Trotz der gelösten Stimmung bei der kleinen Feierstunde offenbart Hanke im Gespräch mit der Herner WAZ-Redaktion auch ein Stück Bitternis: „Man hätte diese Hilfe früher gebrauchen können, aber es hat keinen interessiert. Mir geht es besser als vielen anderen, aber viele Betroffene sind jetzt in einem Alter, in dem sie aufgegeben haben.“

Vielleicht schöpfen sie nun neuen Mut mit dem Wissen, dass es in Herne eine Hausarztpraxis gibt, deren ausdrückliches Ziel es ist, Contergan-Betroffene zu betreuen. Die lange Freundschaft mit Claus Hanke sei die Ursache dafür, dass die Praxis jetzt als Kompetenzzentrum anerkannt sei, so Bruckhaus-Walter. „Ich danke Claus dafür, dass ich seine Lebenserfahrung teilen darf.“

>>> Der Contergan-Skandal

Der Hintergrund: In Deutschland leben zurzeit noch etwa 2400 Contergan-Betroffene. Hinter dem Begriff Contergan verbirgt sich einer der größten Arzneimittelskandale Deutschlands. Das Pharmaunternehmen Grünenthal verkaufte das rezeptfreie Schlaf- und Beruhigungsmittel ab 1956 mit dem Versprechen, dass es durch einen neuen Wirkstoff völlig ungefährlich ist. Es wurde zu einem Verkaufsschlager, auch Schwangere nahmen es ein.
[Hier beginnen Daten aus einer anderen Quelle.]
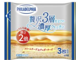
贅沢 3層仕立ての濃厚クリーミーチーズ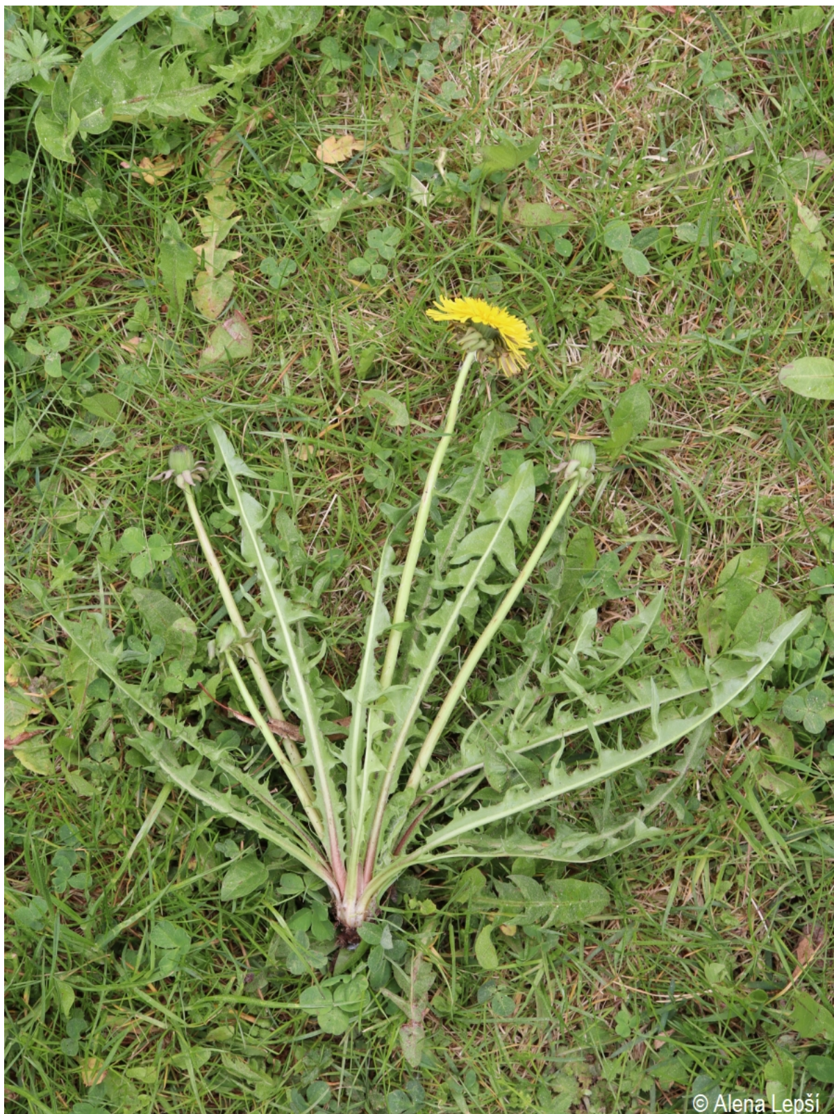
Taraxacum exsertiforme – Alena Lepší – Hartmanice.

Doch schon 1959 gab es erste Hinweise auf schwere Nebenwirkungen, die sich in der Folgezeit häuften. Weltweit wurden etwa 10.000 Kinder mit verkümmerten Gliedmaßen geboren, 1961 nahm Grünenthal Contergan wieder vom Markt.

Die Contergan-Stiftung hat in einem Interessenbekundungsverfahren zehn Kompetenzzentren ausgewählt, um eine bessere medizinische Versorgung der Betroffenen zu ermöglichen. Die zehn Zentren werden mit insgesamt 3,5 Millionen Euro gefördert.